Governance von Alphabet: Die Grenzen des aktuellen Modells
Die Frage der Governance von Alphabet geht über den Werdegang von Pichai hinaus. Die Mitbegründer Larry Page und Sergey Brin behalten durch eine Struktur mit mehrfachen Stimmrechten die Kontrolle über die Aktien. Pichai leitet die täglichen Geschäfte, aber die wesentlichen kapitalistischen Entscheidungen liegen weiterhin in den Händen der Gründer.

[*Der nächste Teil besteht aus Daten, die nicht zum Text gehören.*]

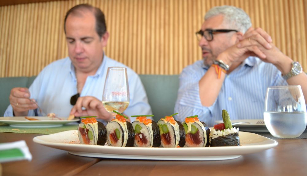 El fresco de esta primera semana de junio hace que el aspecto de los salones de Awa, con capacidad para doscientos comensales, sea más bien tranquilo. Desde luego, no va a tener nada que ver cuando en pleno verano la población habitual de localidad, de 19.000 habitantes, se multiplique por diez. Observo una mesa ocupada por un grupo de periodistas locales y sevillanos y otra más en la que almuerzan un joven matrimonio y sus dos hijos pequeños. El resto, disfrutan tranquilamente del sol en la terraza porticada situada en un lateral del chiringuito. Sopla algo de poniente, el mar está como un plato y algunos bañistas inauguran la temporada tímidamente.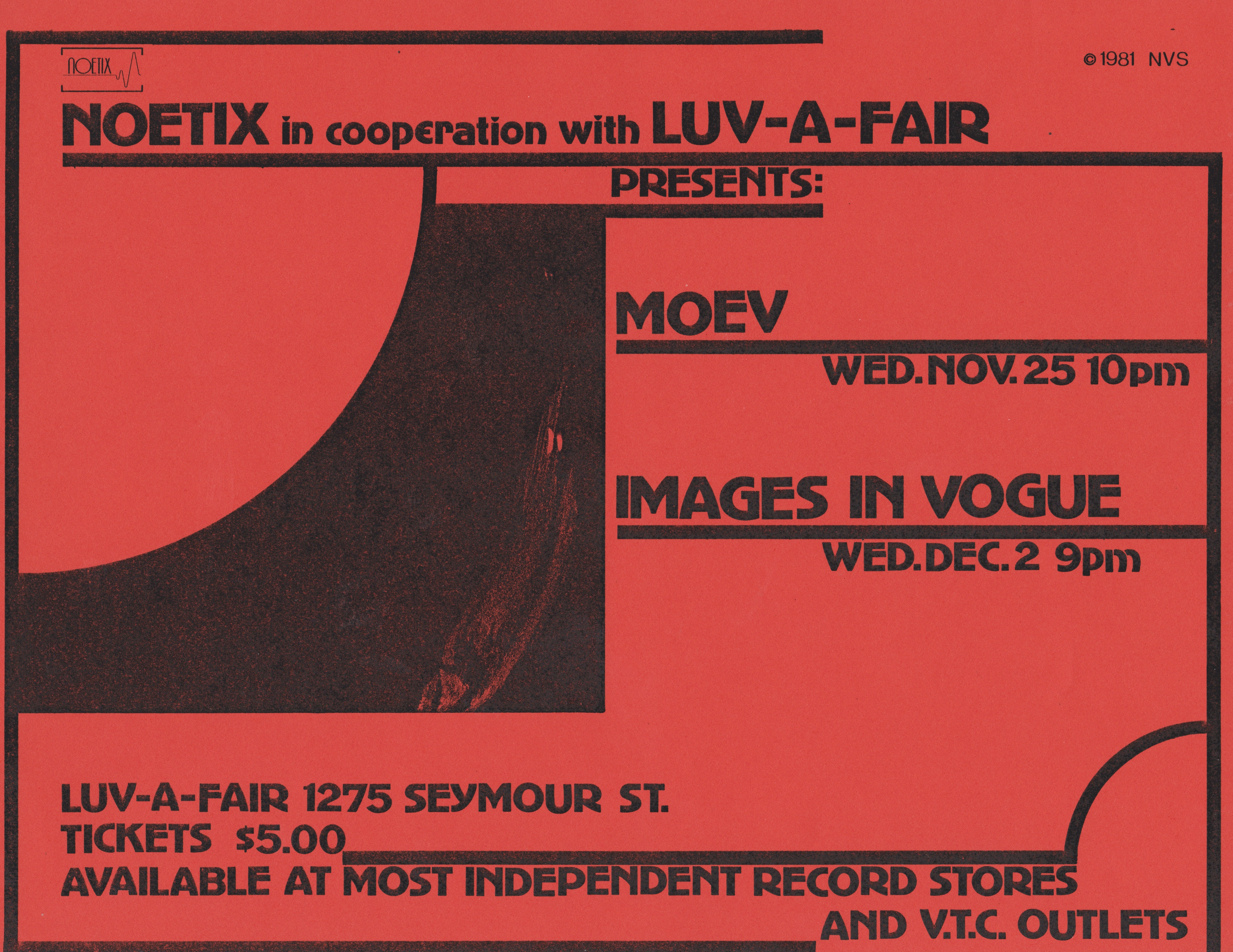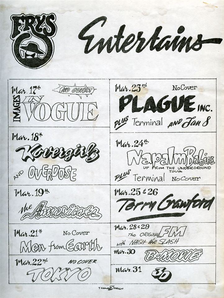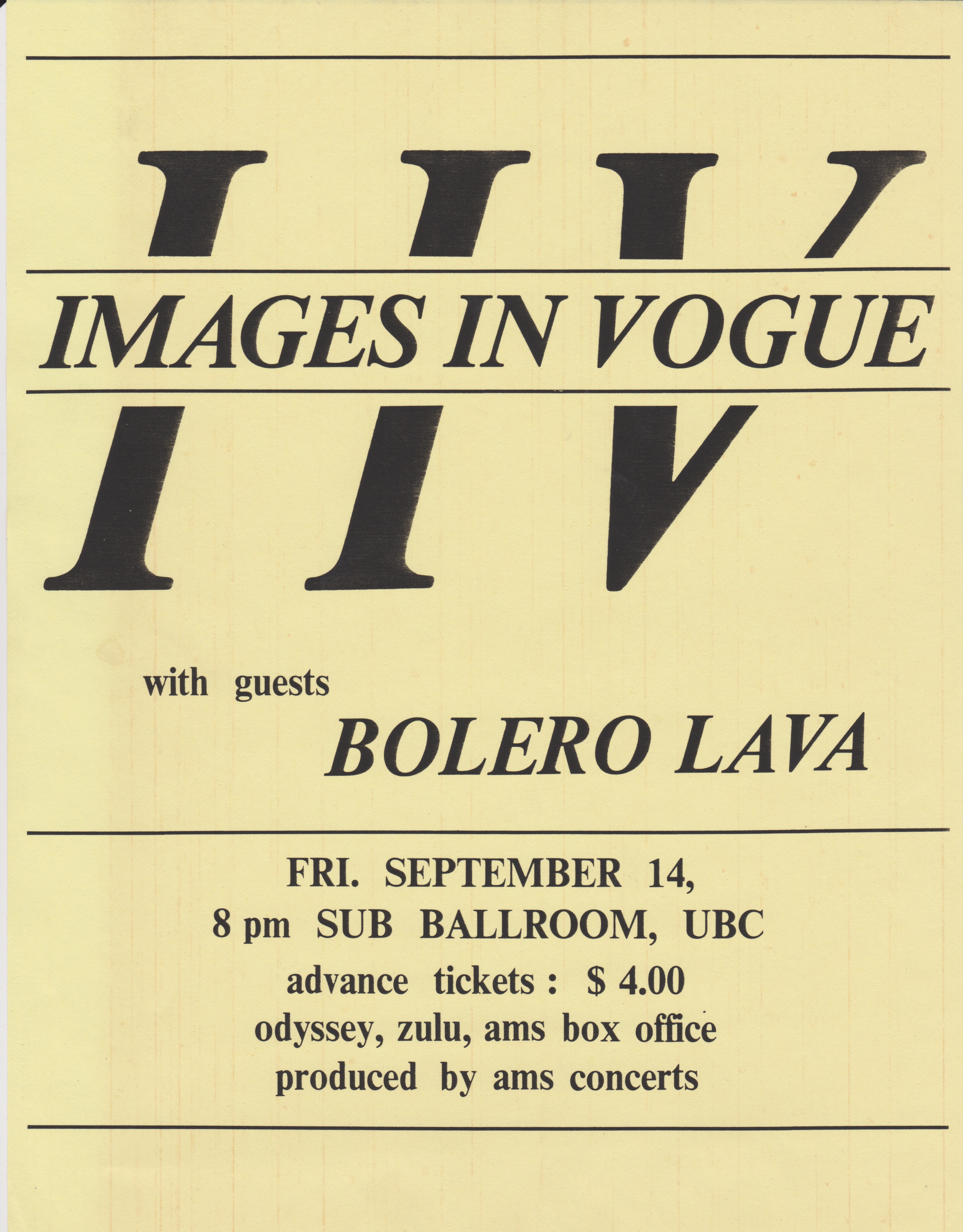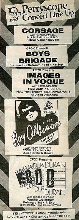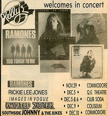 UBC Sub Ballroom September 14 1984<br> Club Soda September 17 & 18 <br>Club Soda postponed to December 1984<br>newspaper ad

Diese Diskrepanz zwischen operativer Macht und Aktionärsmacht schafft eine ungewöhnliche Situation für ein Unternehmen dieser Größe. Die Antitrust-Klagen des Justizministeriums der Vereinigten Staaten fügen eine weitere Komplexitätsebene hinzu. Pichai muss die Geschäftspraktiken von Google (insbesondere seine dominante Position in der Online-Suche) verteidigen und gleichzeitig die technologische Zukunft des Unternehmens vorbereiten.
Der Werdegang von Sundar Pichai illustriert einen ungewöhnlichen Weg der sozialen und beruflichen Mobilität in der globalen Tech-Branche. Von Madurai an der Spitze eines Unternehmens, das mehrere Hundert Milliarden Dollar an Marktkapitalisierung wert ist, bleibt seine Position im Jahr 2023 die eines operativen Geschäftsführers, der nicht die letztendliche Kontrolle über das Unternehmen hat, das er leitet. Diese strukturelle Spannung zwischen Management und Gründeraktionariat definiert weiterhin die Governance von Alphabet.